Notes: Uncountable, Undecidable, Incompressible

  • Rationals are countable. Map each pair (a,b) to a unique natural number.
  • Reals in [0,1] are uncountable. Assume, for a contradiction that they are countable. Construct a real whose i’th digit is 0 if the i’th digit of the i’th number is odd and 1 otherwise. Then this number has some index t. The t’th digit of the number gives us a contradiction.
  • Finite strings are countable, infinite (even binary) strings are uncountable.
  • Diagonalization is the proof technique we used for showing sets are uncountable and languages are undecidable.
  • Here’s a different proof of the existence of an undecidable language.
  • For a binary string x, let K(x) = \min \{ |<M>|+|y| : M \mbox{ is a Turing machine}, M \mbox{ on input } y \mbox{ outputs } x \}. In words, it is the shortest string including the description of a Turing machine and an input on which the TM produces the desired string x.
  • Claim 1. For every integer n > 1, there is a string x \in \{0,1\}^n s.t.

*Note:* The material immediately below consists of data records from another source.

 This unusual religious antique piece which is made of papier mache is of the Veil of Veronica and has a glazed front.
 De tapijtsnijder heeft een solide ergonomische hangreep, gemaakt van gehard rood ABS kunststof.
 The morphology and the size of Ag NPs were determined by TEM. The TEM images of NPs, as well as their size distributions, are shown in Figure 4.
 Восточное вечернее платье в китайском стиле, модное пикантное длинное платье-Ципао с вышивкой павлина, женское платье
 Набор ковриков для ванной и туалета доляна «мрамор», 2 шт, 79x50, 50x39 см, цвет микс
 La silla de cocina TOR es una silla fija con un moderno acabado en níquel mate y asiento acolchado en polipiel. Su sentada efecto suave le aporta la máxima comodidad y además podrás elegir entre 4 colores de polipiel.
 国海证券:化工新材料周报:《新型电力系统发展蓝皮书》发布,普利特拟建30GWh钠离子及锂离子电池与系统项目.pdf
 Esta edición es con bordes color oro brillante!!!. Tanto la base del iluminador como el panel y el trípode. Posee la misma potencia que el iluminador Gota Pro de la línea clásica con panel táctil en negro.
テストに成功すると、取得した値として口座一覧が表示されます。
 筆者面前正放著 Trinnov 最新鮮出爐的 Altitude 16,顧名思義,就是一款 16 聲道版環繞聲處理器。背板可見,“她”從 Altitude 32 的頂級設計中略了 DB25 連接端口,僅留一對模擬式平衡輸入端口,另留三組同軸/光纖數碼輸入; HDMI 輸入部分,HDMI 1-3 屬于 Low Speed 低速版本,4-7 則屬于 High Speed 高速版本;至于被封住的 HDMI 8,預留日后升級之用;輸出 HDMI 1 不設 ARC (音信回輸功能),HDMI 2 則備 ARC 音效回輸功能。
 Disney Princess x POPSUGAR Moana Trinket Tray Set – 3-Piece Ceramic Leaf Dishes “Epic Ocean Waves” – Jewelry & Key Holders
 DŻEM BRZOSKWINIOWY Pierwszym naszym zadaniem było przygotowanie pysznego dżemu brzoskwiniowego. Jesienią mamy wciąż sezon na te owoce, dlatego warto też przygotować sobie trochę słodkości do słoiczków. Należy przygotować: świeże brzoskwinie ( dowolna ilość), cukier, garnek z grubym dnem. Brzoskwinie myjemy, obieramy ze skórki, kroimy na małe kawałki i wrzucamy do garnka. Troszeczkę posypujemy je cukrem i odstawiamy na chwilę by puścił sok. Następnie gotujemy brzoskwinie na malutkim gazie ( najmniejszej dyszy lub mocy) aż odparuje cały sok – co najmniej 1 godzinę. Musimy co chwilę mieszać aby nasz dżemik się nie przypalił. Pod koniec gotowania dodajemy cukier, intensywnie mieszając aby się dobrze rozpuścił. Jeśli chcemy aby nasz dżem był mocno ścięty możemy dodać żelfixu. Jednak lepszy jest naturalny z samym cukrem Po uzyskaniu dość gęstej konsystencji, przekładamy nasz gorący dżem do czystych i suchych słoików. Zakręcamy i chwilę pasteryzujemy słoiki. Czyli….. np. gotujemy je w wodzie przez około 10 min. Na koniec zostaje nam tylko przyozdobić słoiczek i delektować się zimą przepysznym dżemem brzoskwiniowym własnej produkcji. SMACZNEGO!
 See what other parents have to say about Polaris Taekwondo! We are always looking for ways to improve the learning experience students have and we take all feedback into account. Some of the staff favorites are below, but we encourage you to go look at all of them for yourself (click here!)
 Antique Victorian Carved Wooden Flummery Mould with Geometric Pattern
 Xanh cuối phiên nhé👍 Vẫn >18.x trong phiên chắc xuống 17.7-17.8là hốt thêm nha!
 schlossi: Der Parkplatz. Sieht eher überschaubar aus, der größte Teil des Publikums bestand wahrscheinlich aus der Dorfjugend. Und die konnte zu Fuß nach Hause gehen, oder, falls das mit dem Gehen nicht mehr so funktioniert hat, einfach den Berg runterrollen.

K(x) \ge |x|.
  • Define L_K = \{ x : K(x) \ge |x| \}. L_K, the language of incompressible strings is infinite.
  • Theorem. The language L_K is undecidable.
  • Proof. Suppose L_K is decidable. Then consider the following TM M:
    • On input an integer n, M scans through each string x of length n and outputs the lexicographically first string that belongs to L_K.
  • Claim 2. Let x_n be the string output by M on input n. Then K(x_n) \le C + \log_2 n. But K(x_n) \ge n. Contradiction for n larger than some constant!
  • Therefore, our assumption is false and L_K is undecidable.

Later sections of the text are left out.